Lo que la montaña esconde

Senderismo por la montaña mágica. Las rutas por este parque natural permiten disfrutar de vertiginosas panorámicas.

Tras la obligada visita a Santa Maria de Montserrat, el santuario de la ruta mariana construido en 1025 sobre el enclave de una antigua ermita y remozado en profundidad en 1925 por Josep Puig i Cadafalch, toca recorrer el sendero que conduce hasta la Santa Cova, dejando atrás las estaciones del Rosario monumental y disfrutando de vertiginosas panorámicas del valle de Collbató. “Una vez cumplidos ese par de expedientes”, explica Romeu, “llega la hora de sumergirse en el Montserrat oculto y semioculto, al que muchos visitantes ocasionales no acceden por falta de información, curiosidad o paciencia”. Para ir abriendo boca, él recomienda la ruta circular “de algo más de diez kilómetros y al menos cuatro horas” en dirección a la cima de la serranía, Sant Jeroni, situado a 1.236 metros de altura: “El tramo final, con los míticos 250 escalones que conducen al mirador, es de una cierta dureza, pero te recompensa con espléndidas vistas del conjunto del macizo y sus alrededores”. Un espectáculo.
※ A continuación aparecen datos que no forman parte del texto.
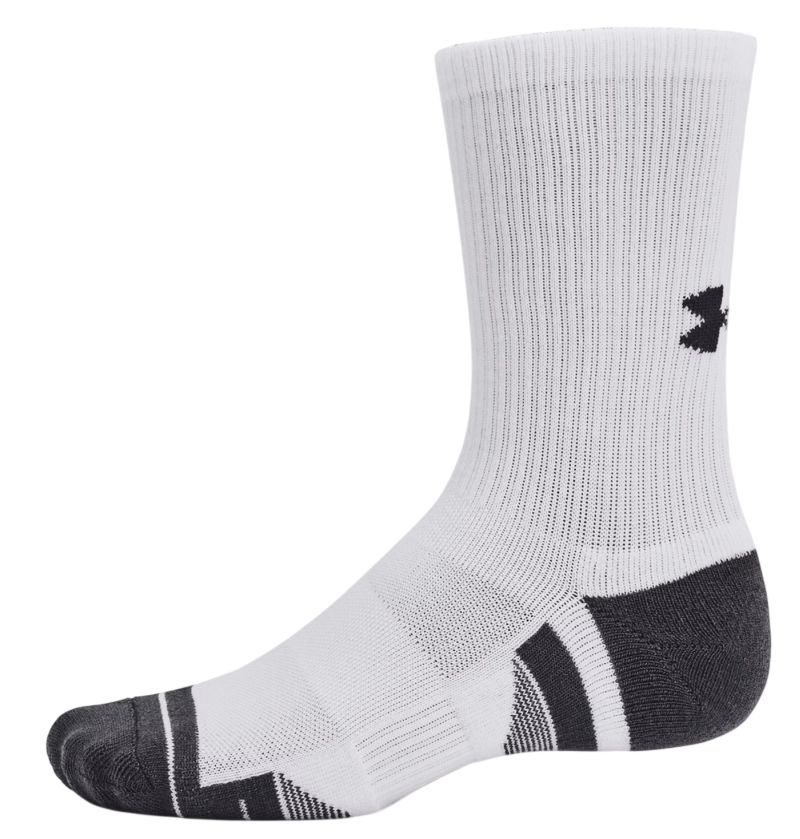 Носки Under Armour Performance Tech Crew 6P - white/jet gray. Материал отводит влагу, обеспечивая сухость, легкость и вентиляцию. Стратегическое размещение амортизации для лучшей гибкости. Динамическая поддержка свода стопы уменьшает её усталость. Вентиляционные каналы увеличивают воздухопроницаемость.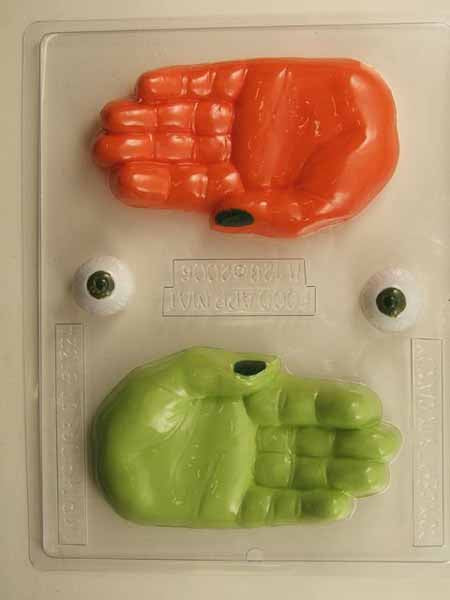 Molde de chocolate y caramelo: Halloween, manos y ojos de fantasma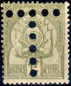 1f., vert-olive Y&T N°TA20 Emis en 1888 Timbre Taxe T.-Poste de 1888-93 perforé en T. |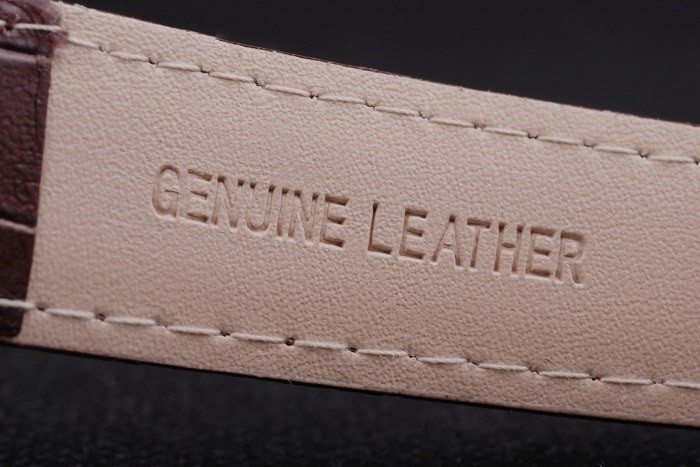 Brățară: Curea bogată din piele maro cu ștampila Patek Philippe și o cârlig de aur de aur Clapetă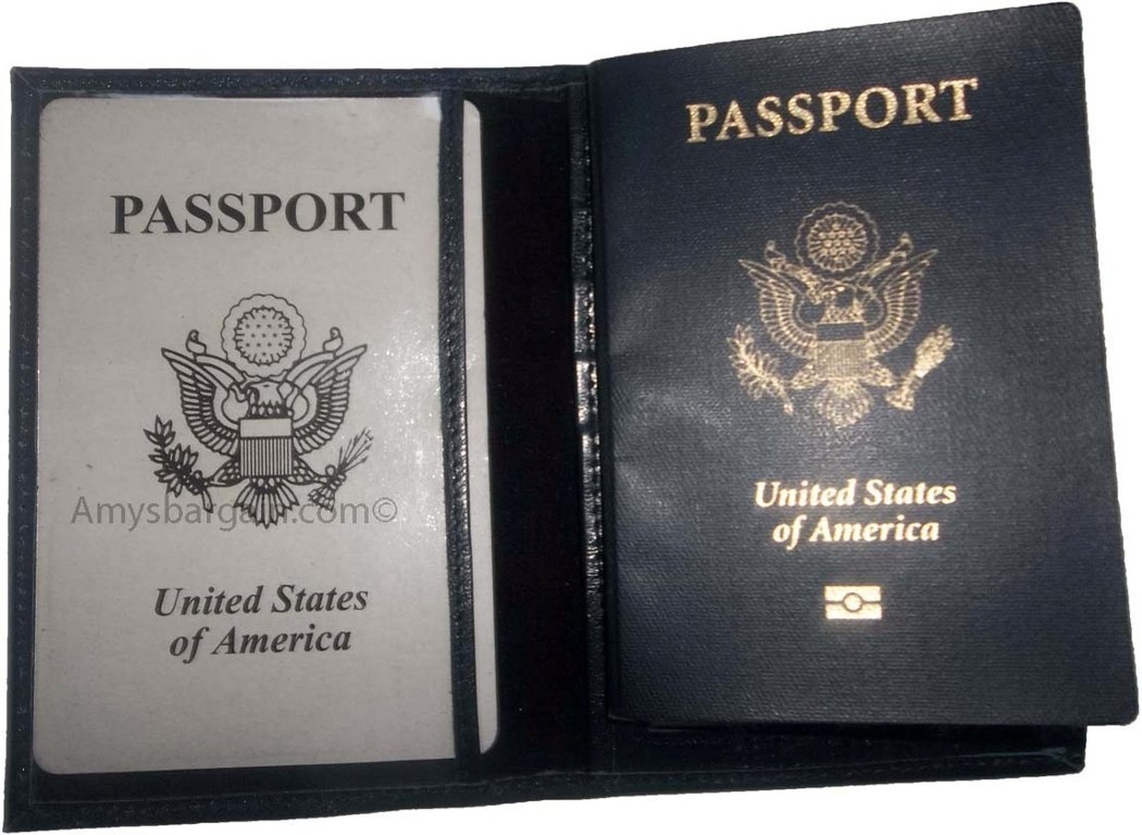 case black genuine leather passport cover lot of 6 travel accessories.Description:Buy the lot and save a lot!This one is a favorite among tourists and non-tourists alike. It is a USA leather passport case with built in bank card space and an ID window.This wonderful passport case is an exceptional value at this price!It will not last.Item Details: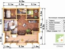العديد من تصميمات المنازل المربعة الجيدة مصنوعة من الأخشاب. على سبيل المثال ، أحد هذه الخيارات له أبعاد 8×8 م. بالمعنى الدقيق للكلمة ، بالإضافة إلى طابق واحد ، هناك أيضًا علية صغيرة. يوفر المشروع ربط شبكة الصرف الصحي وشبكات الصرف الصحي وشبكة الكهرباء. تحت السقف المنحدر لمبنى خشبي من طابق واحد يوجد: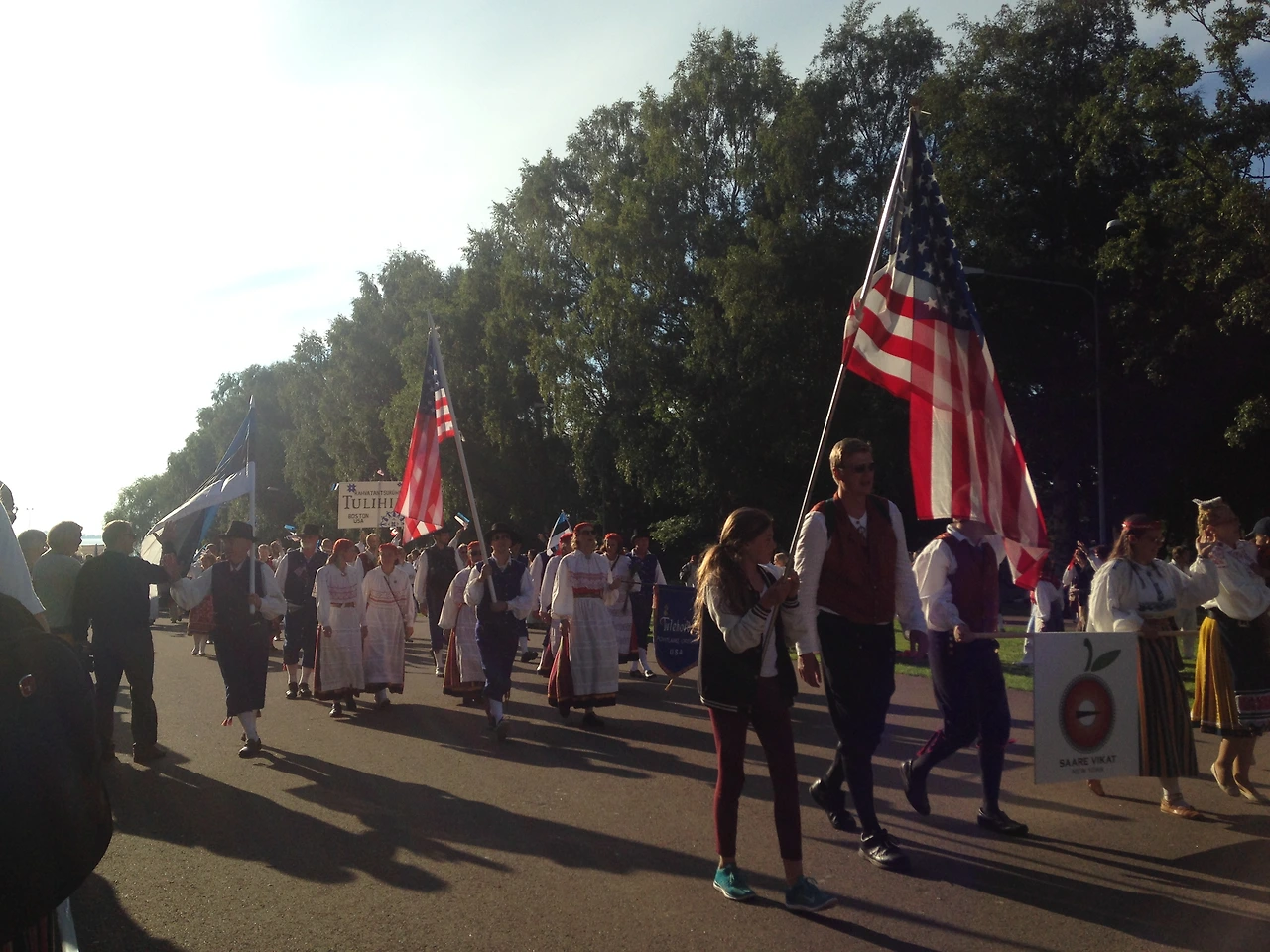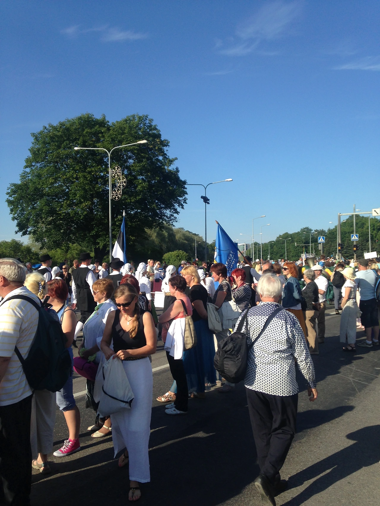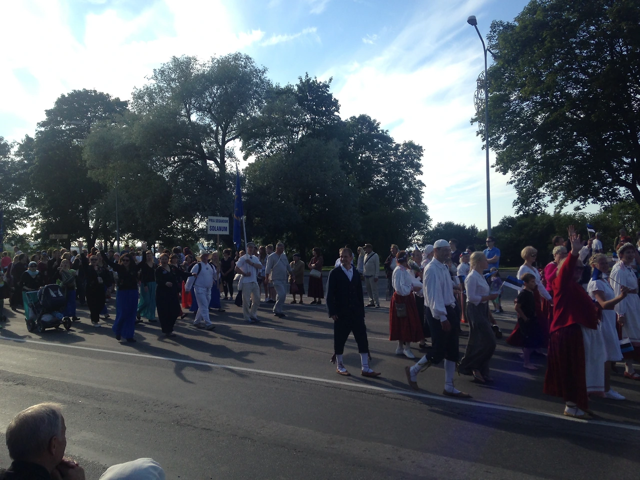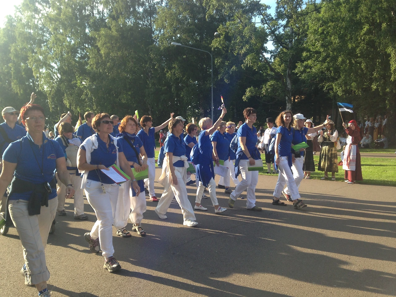 에스토니아 내 전역에서 올라온 이 참가자들은 모두 자기 지방, 도시, 마을의 전통의상을 입고 행진에 참가한다. 가장 최근이었던 2014년 관람객이 아닌 순수 참가인원 수만 해도 33,025명.(에스토니아 전체 인구는 약 1백30만 명이다.) 퍼레이드는 오전부터 시작해서 본 공연이 시작되기 전까지 진행되고, 퍼레이드 옆 잔디밭에서는 바비큐나 맥주, 아이스크림, 솜사탕 등 소소한 음식 부스들이 만들어진다.
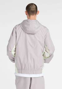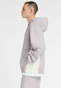 Jeune homme portant une veste à capuche zippée gris clair avec un bord néon jaune et un pantalon assorti, debout devant un fond uni.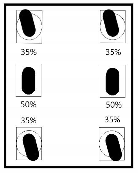 Колесо має завжди торкатися землі. На практиці це рідко трапляється через пороги або нерівності землі. У результаті загальне навантаження часто потрапляє на три колеса, а навантаження на колесо збільшується. Тому загальне навантаження має бути розділене на три колеса замість чотирьох для досягнення безпечної вантажопідйомності.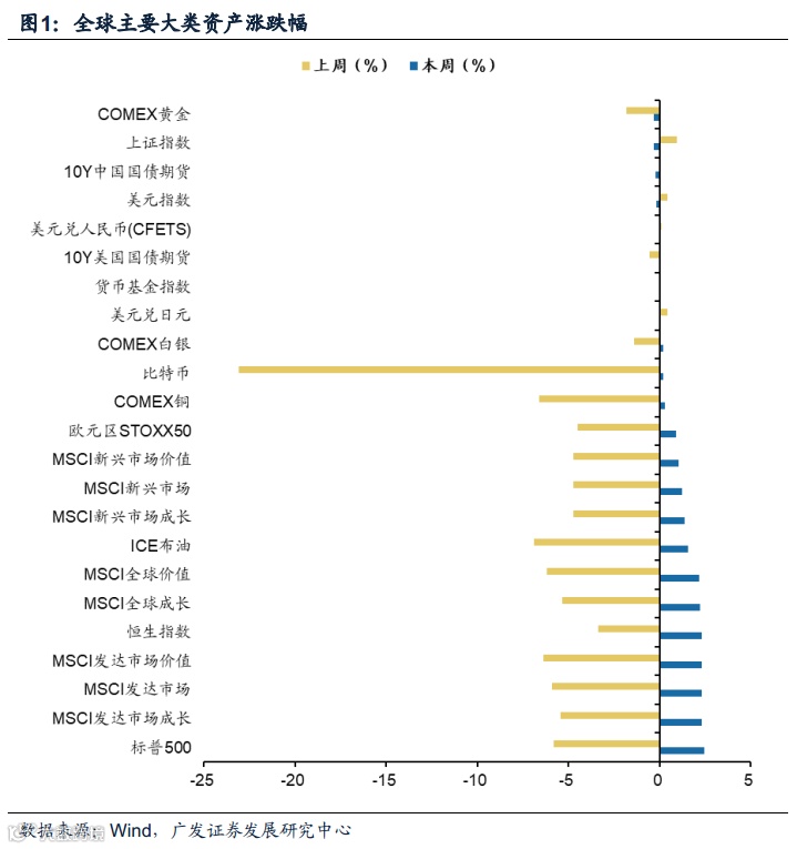 (1)本周大类资产表现:发达>新兴>商品>债券>美元>黄金。在上周金融条件紧缩带来悲观预期的影响下,多数资产大幅下跌,本周有所反弹。标普500(涨2.45%)领涨,其次为MSCI发达市场成长(涨2.33%)、MSCI发达市场(涨2.32%)、MSCI发达市场价值(涨2.31%);原油价格走高,本周上涨1.56%。跌幅最大为黄金(跌0.31%)、上证指数(跌0.30%)、10Y中国国债期货(跌0.20%)、美元指数(跌0.16%)。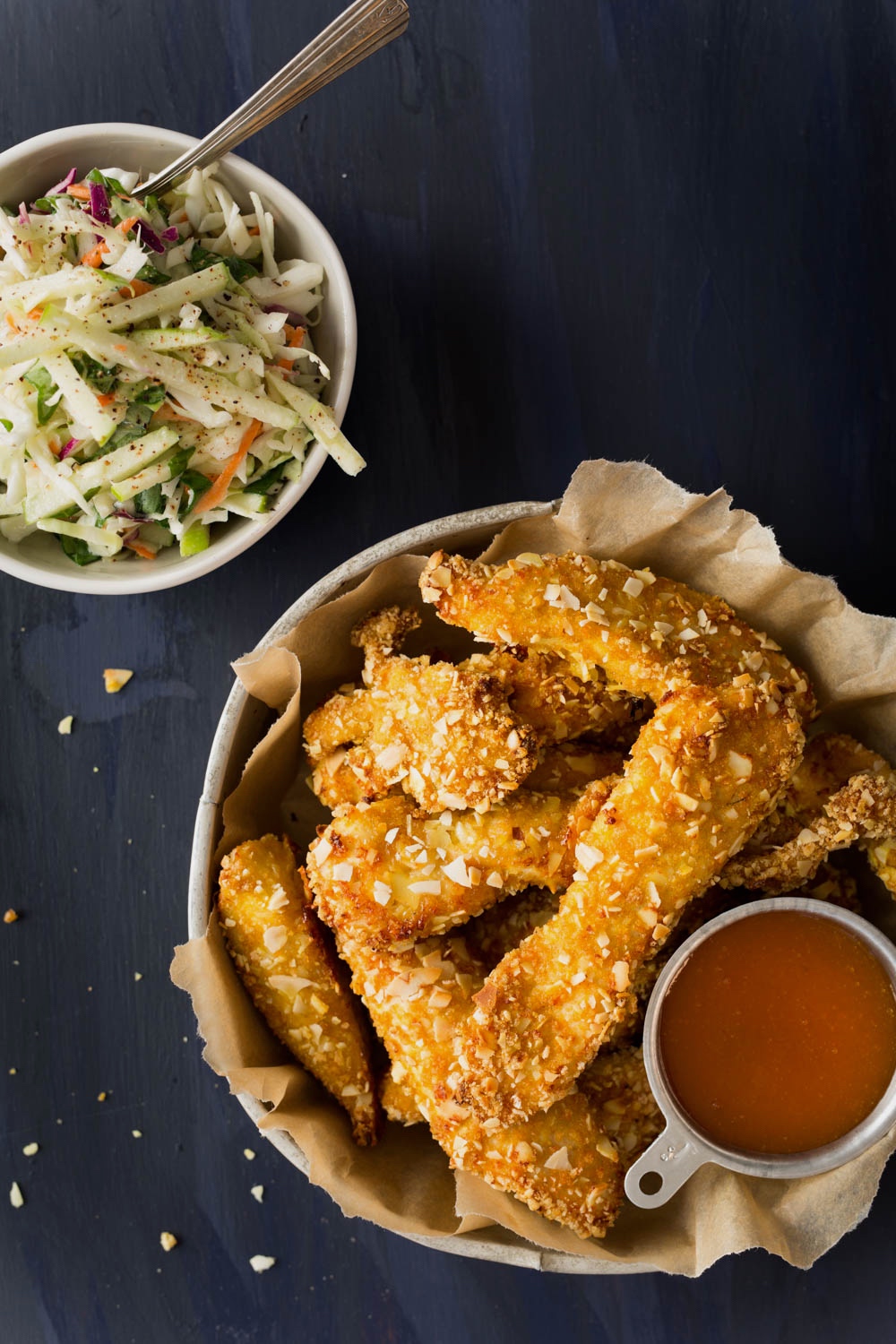Des doigts de poulet maison, c’est toujours bon! Pour que la chapelure tienne bien, j’ai utilisé de la mayonnaise assaisonnée comme liant et c’est un truc à retenir! La chapelure est vraiment délicieuse avec des amandes et des Rice Krispies au riz brun sans gluten broyé. Ne vous posez pas de questions, ce repas marquera des points auprès de tous les membres de la famille!!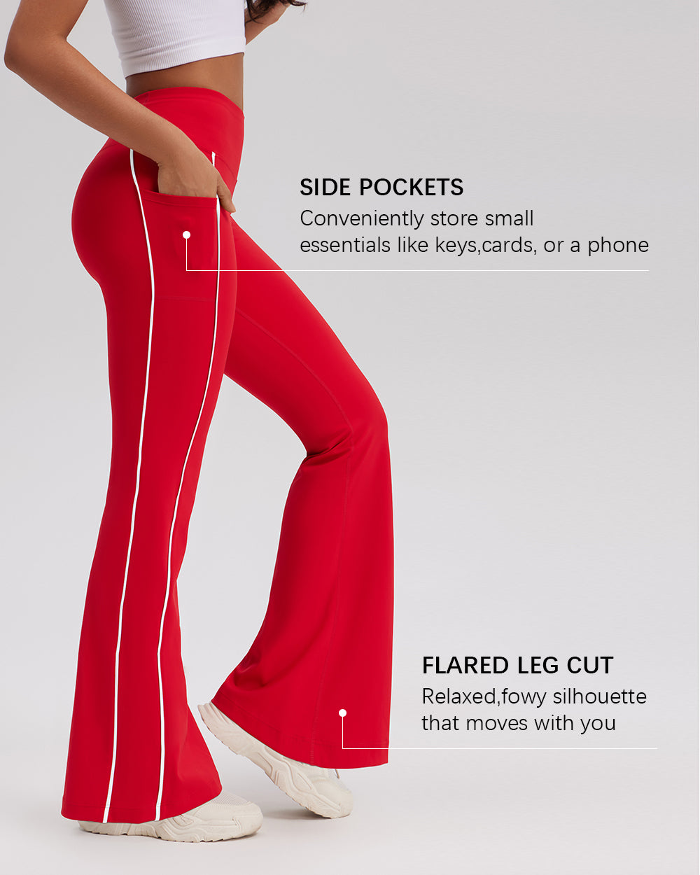 90% Nylon, 10% Polyester Machine Wash Imported High Waist Super soft and stretchy Side Stripe Gym Sport Workout Pants Trousers Comfy Relaxed Casual Pants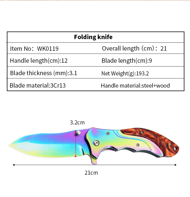 | Item | WK0119 Colorful Steel Folding Knife |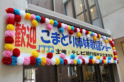 5月22日、西東京市の特別養護老人ホーム「クレイン」に、こまどり姉妹さんをお連れして歌謡ショーを行いました。当日は、初夏を思わせるような青空の晴天となり、90人を超える参加者が、手作りの花やプラカードを手にして集まりました。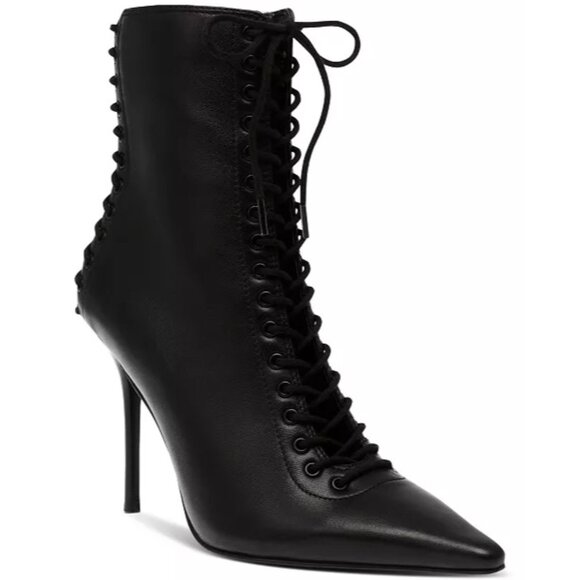 Steve Madden Allnight Lace-Up Stiletto Dress black leather Booties size 8.5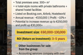 Siūlome pilnai veikiantį ir pelningą Hotelio & Hostelio verslą, įsikūrusį pačiame Vilniaus centre. Unikalus mišrus modelis jungia viešbučio tipo privačius kambarius ir bendro hostelio erdves, todėl pritraukiama plati klientų bazė – nuo porų, ieškančių patogumo, iki taupių keliautojų, norinčių nebrangaus apgyvendinimo.
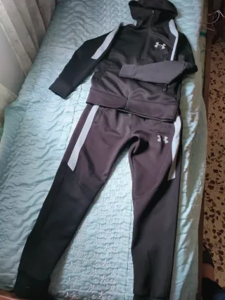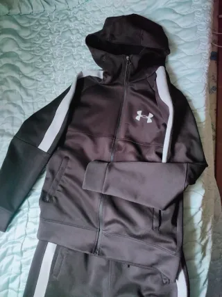 Conjunto de chándal de dos piezas. - Chaqueta con capucha y cremallera completa. - Pantalón con cintura elástica. - Diseño con detalles en contraste en mangas y perneras. - Logo de la marca en ambas prendas.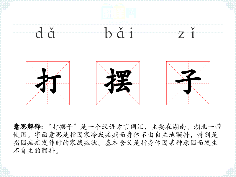 “打摆子”是一个汉语方言词汇,主要在湖南、湖北一带使用。字面意思是指因寒冷或疾病而身体不由自主地颤抖,特别是指因疟疾发作时的寒战症状。基本含义是指身体因某种原因而发生不自主的颤抖。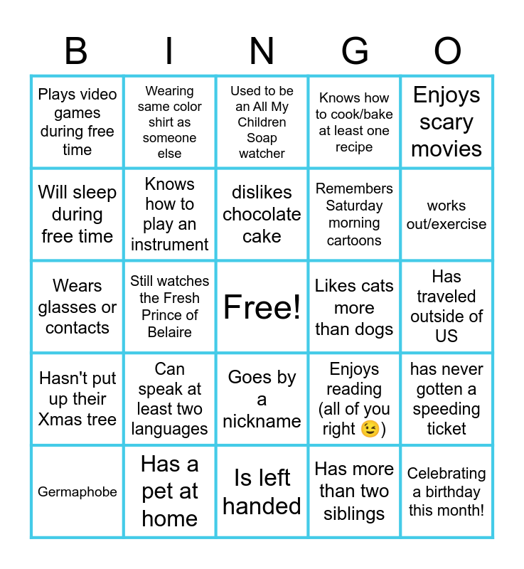 This bingo card has a free space and 44 words: Prefers pancakes over waffles, Can speak at least two languages, Has at least two social media accounts, Has more than two siblings, Woke up before 9am today, Has read at least three books this year, Knows how to play an instrument, Plays a sport, Knows how to cook/bake at least one recipe, Celebrating a birthday this month!, Plays video games during free time, Has a pet at home, Enjoys reading (all of you right 😉), Has traveled outside of US, Learned at least two tik tok dances over quarantine, Has/had braces, Is left handed, Likes cats more than dogs, Has never broken a bone before, Wears glasses or contacts, Wearing same color shirt as someone else, Goes by a nickname, Likes to draw or color, Enjoys scary movies, Has a snow blower, has went to a High School Reunion, dislikes chocolate cake, was born in same month as you, has never gotten a speeding ticket, Germaphobe, Has a son or daughter in school, Used to be an All My Children Soap watcher, Has an 80s playlist, Still listens TuPac, Hasn't put up their Xmas tree, Has put up their Xmas lights, Volunteered at a shelter, Has went to a concert, works out/exercise, Will sleep during free time, Still watches the Fresh Prince of Belaire, Has a favorite Disney Movie, Remembers Saturday morning cartoons and Loves holiday cookies.

Camino de esta cumbre aislada en el corazón de una extensa planicie se recorre el angosto y fotogénico Paso de los Franceses, los restos de la antigua ermita de Santa Anna i el Pla del Ocells, el primero de los rincones en que se instala Romeu en sus días de “safari fotográfico”: “La fauna de Montserrat es muy variada. Abundan las especies más comunes de los bosques prelitorales del Mediterráneo, del jabalí a la ardilla o la paloma torcaz, pero se ha reintroducido la cabra salvaje (se calcula que son ya más de 200) y no es extraño atisbar gatos almizcleros, garduñas, víboras ibéricas, murciélagos, serpientes verdes y raros volátiles: el ballester, el roquerol, el zorzal…”. El premio gordo, en opinión de Romeu, consiste en coronar Sant Jeroni y descubrir, sobrevolando las rocas, a espléndidas aves rapaces, como el halcón peregrino, que contribuyen con su presencia a devolverle a Montserrat –un entorno de exuberante fantasía a tiro de piedra de la ciudad de Barcelona– el aspecto recóndito y salvaje que tanto entusiasmó a Barthélemy Joly en su día.

 

Notas para el cuaderno de viaje...

 

El hogar de la cabra salvaje. En 1995 se reintrodujo esta especie en Montserrat, donde ya habitan más de 200 ejemplares.

Un acceso de impacto. El funicular Aeri, inaugurado en 1930, conecta la base de la montaña de Montserrat con el monasterio.

Hasta Barcelona se llega en trenes AVE que tienen origen en Madrid, en Sevilla y en Málaga y realizan parada en todas las estaciones del recorrido. También trenes del servicio Alvia llegan hasta la ciudad condal desde Bilbao y trenes con enlace desde otros orígenes de la cornisa cantábrica. Trenes de los servicios Euromed e Intercity llegan también hasta Barcelona desde las ciudades del corredor Mediterráneo.